А девки, те совсем осмелели, посматривают насмешливо, перешептываются, не иначе как обзывают немецкой "овчаркой", - Саньке ветер и тот передаст. Это в благодарность-то за то, что спасла от Германии! Не рано ли, девки, бьете в колокола?
Судьба всегда была благосклонна к Саньке, в какие только передряги ни попадала, все ей сходит, как с гуся вода, не в ее привычках нос вешать.
Этого нельзя сказать о Селивоне - досада его грызет, оседает, как гуща на дно фляги. Как откупиться от беды? В случае, если переменится власть, ведь не скажешь - я прятал партизан! А немецкую медаль за что тебе дали? Кого расхваливали газеты? Селивон земли под собой не чуял, еще бы медаль вызывала зависть у всех старост и полицаев, по селам только и разговору было - привилегия какая Селивону выпала! На базаре люди с опаской провожали глазами - кто это прошел при медали? Зависть да страх хвостом волоклись за Селивоном. Теперь сверкающая медаль затмила свет человеку. Люди смотрят, берут на заметку, наматывают на ус. И не смей отцепить - комендант что скажет? Тебе медаль для чего дадена? Чтобы ты держал в сундуке? Это только со стороны кажется, что Селивон был в чести да в славе... Мало кто знает, а Селивон в вечном трепете жил! Жену, дочку уступал коменданту. Выслужиться больше жизни хотелось, осесть хутором. Да ничего из того не вышло... Кто мог предполагать, что так все повернется? Думали, немец долговечный... Пришло время, Селивон, тебе ответ держать. Может, скажешь, Родион тебе простит? Или Мусий Завирюха? Страх пронимает при одном воспоминании о недругах. А пока что придется подлаживаться к людям, сумел нагнать страх на село, сумей и развеять. Поможет ли?.. И вместе с тем угождать немцам, чтобы не подумали плохого - староста, мол, в кусты смотрит. Умом тронуться можно, право. Где собиралась толпа, Селивон, будто ненароком, заводил разговор. Народ, известно, ропщет - задавил староста налогами! Рассудите сами - имею ли я право отменять налоги? Я всего лишь староста, а не гаулейтер!

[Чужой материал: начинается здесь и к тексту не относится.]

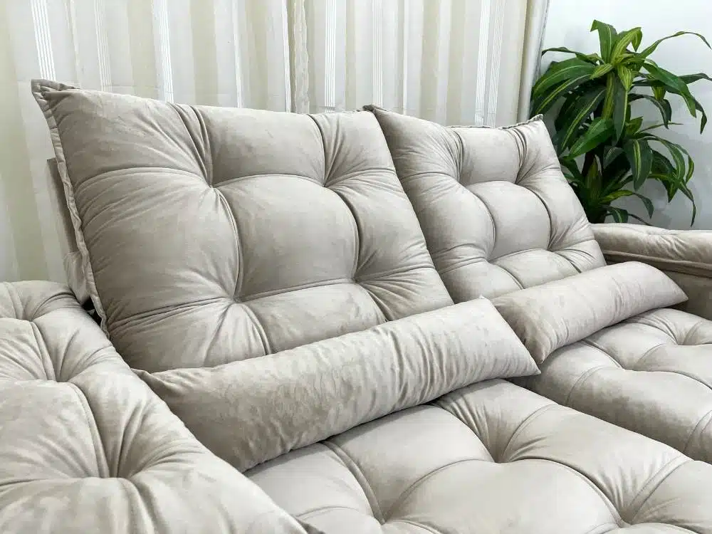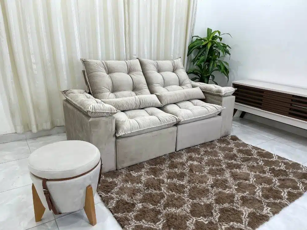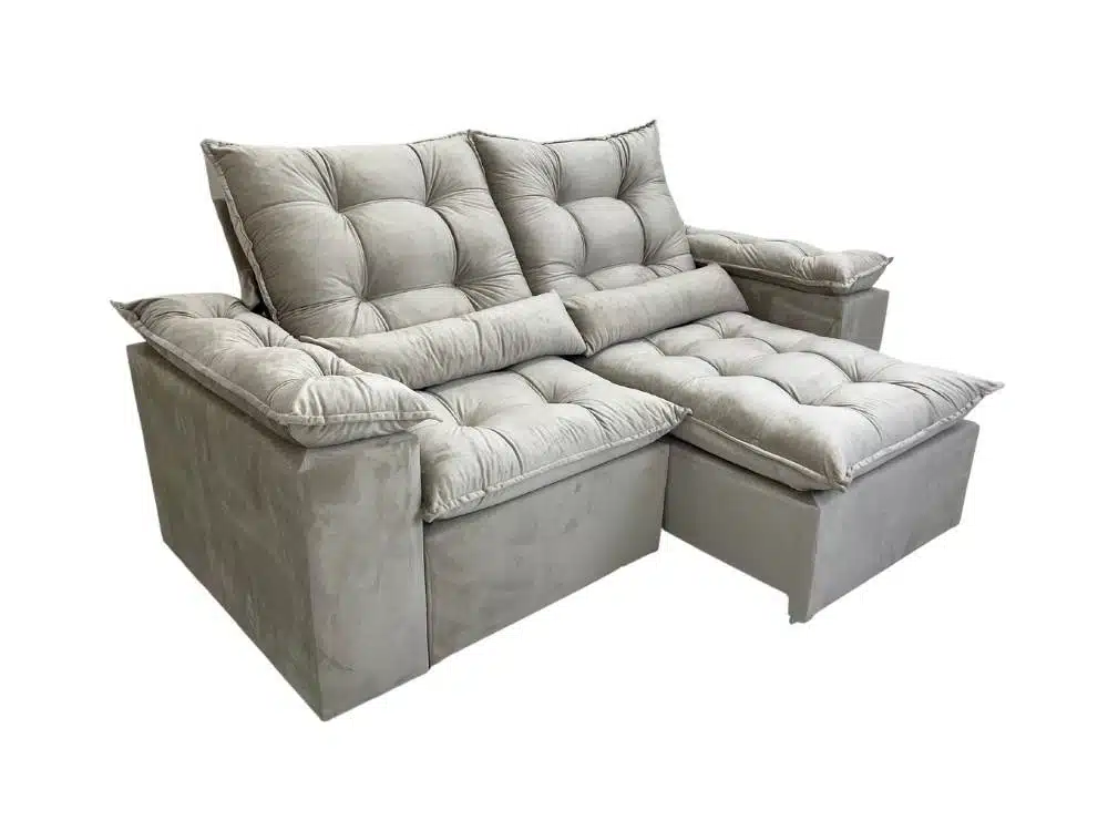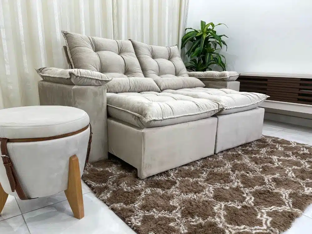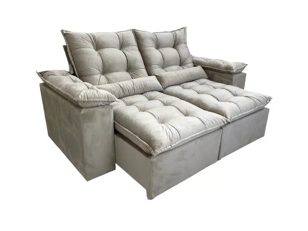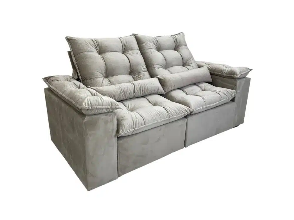 Sofá Retrátil Reclinável Atenas 2.00m – Bege Veludo

Никто, понятно, толком еще не знает, как обернется дело, но оградить себя от случайностей не мешает. Приятели даже между собой, хоть остерегаться было некого, предпочитали говорить недомолвками.
- Слышь, - с угрюмым видом кивает на восток Перфил. Кто нынче весел?

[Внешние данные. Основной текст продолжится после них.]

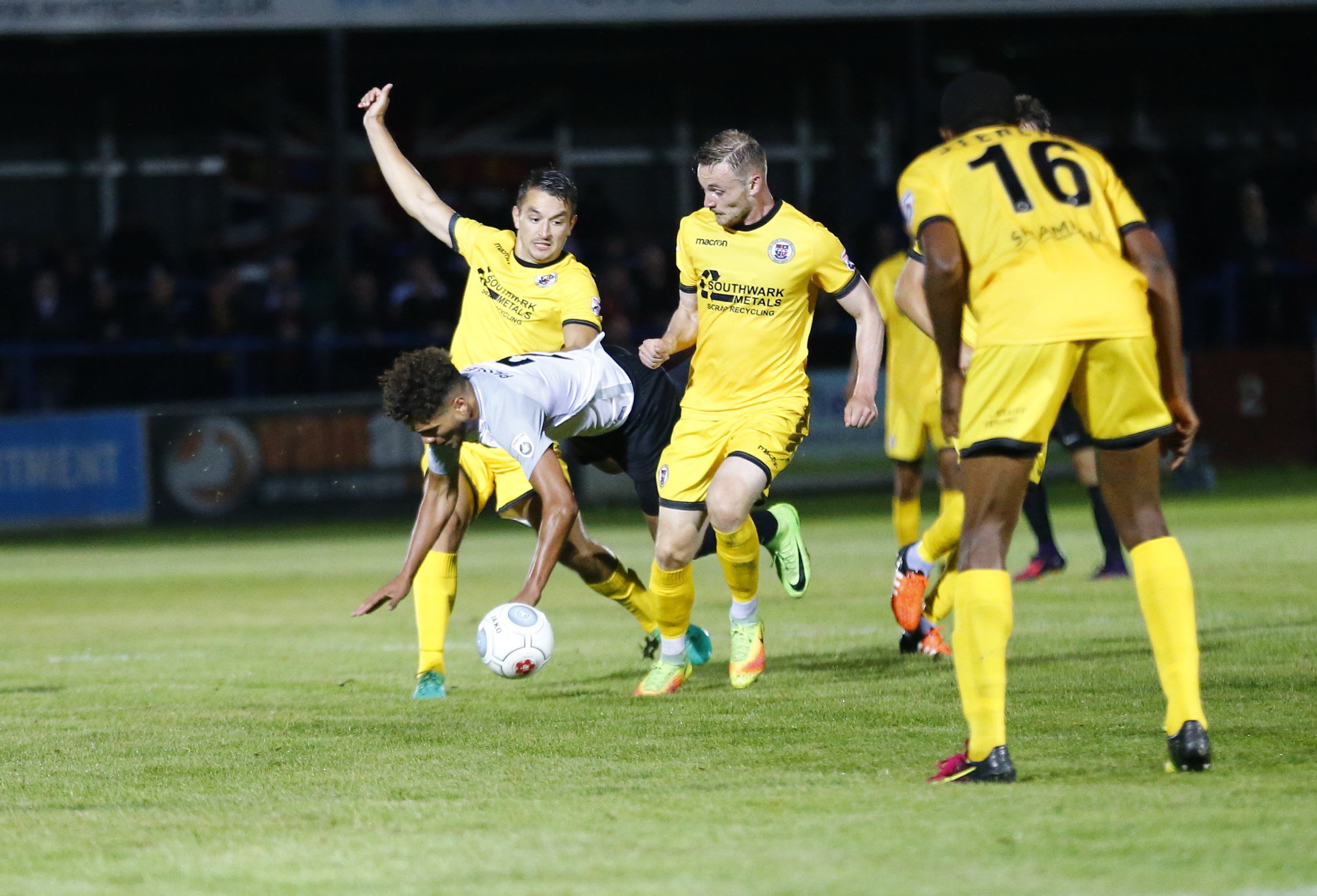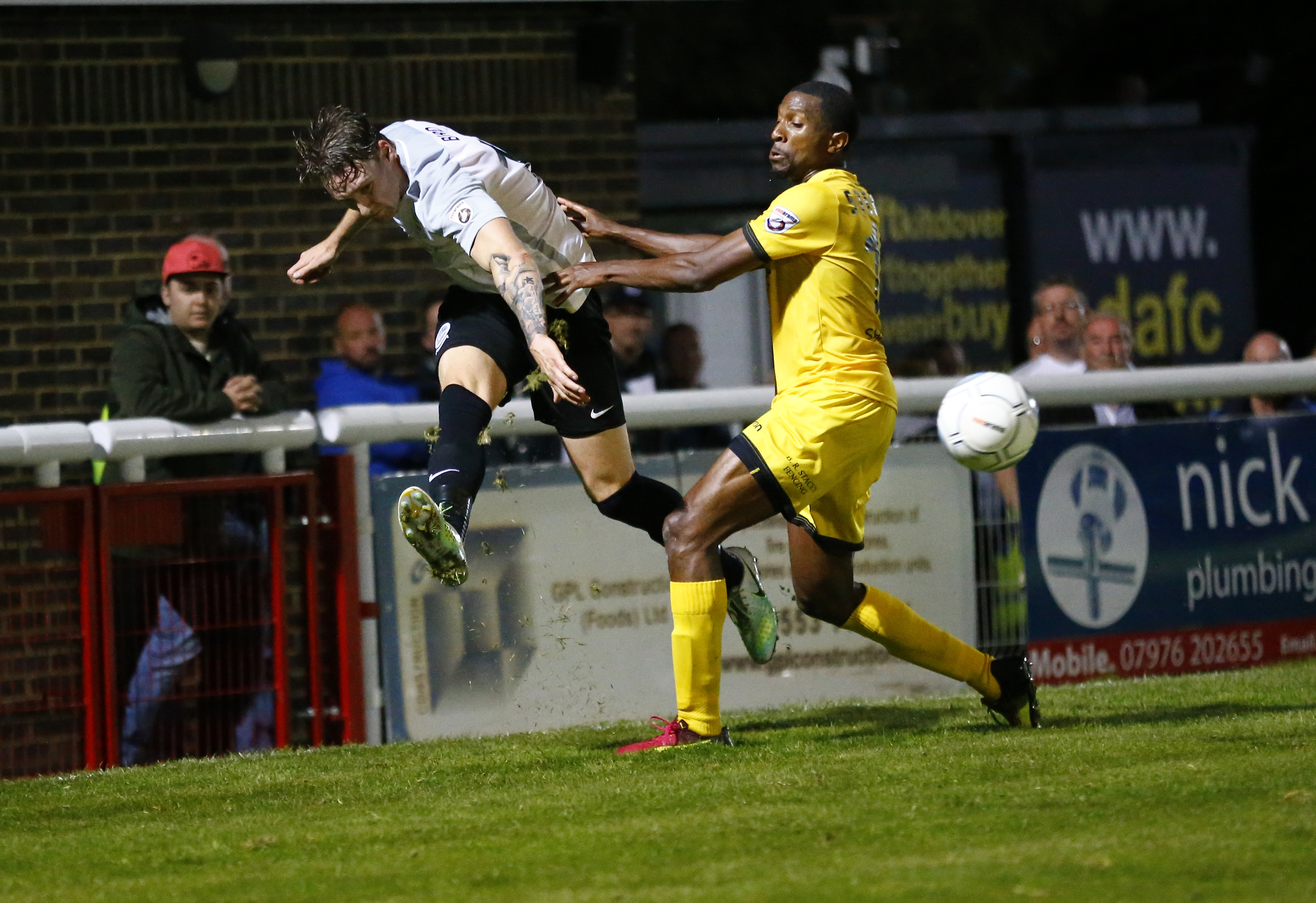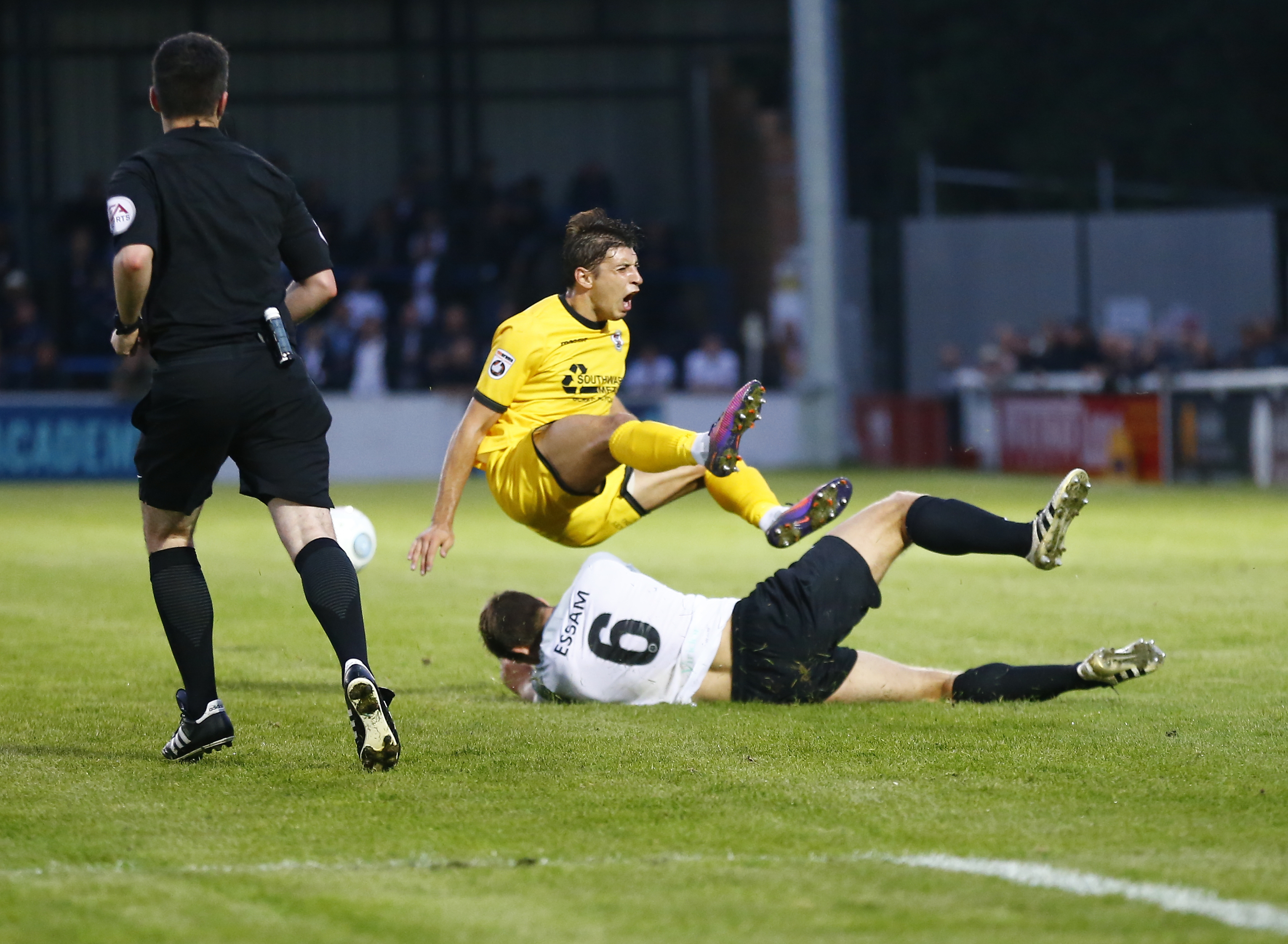 - Dover’s forward Ryan Bird falls over Wrexham’s midfielder Marcus Kelly.

- Всяко может статься, - подает надежду Игнат Хоменко, тот, у которого сын полицай. - Пересидим где-нибудь, мало ли родни по хуторам. А отгонят немцы красных - опять вернемся.
Каждый по-своему исхитряется, прикидывает, как избежать беды.
Мельник Гаврила - вон как с муки разнесло человека! - не очень в том уверен, - видно, Советы взяли верх...
У него свои соображения на этот счет:
- Слух прошел, что большевики свою умственность берут назад вернулись охвицеры, генералы, так, может?..
Гаврила, правда, недоговаривал, но и без того ясно: может, не отберут мельницу?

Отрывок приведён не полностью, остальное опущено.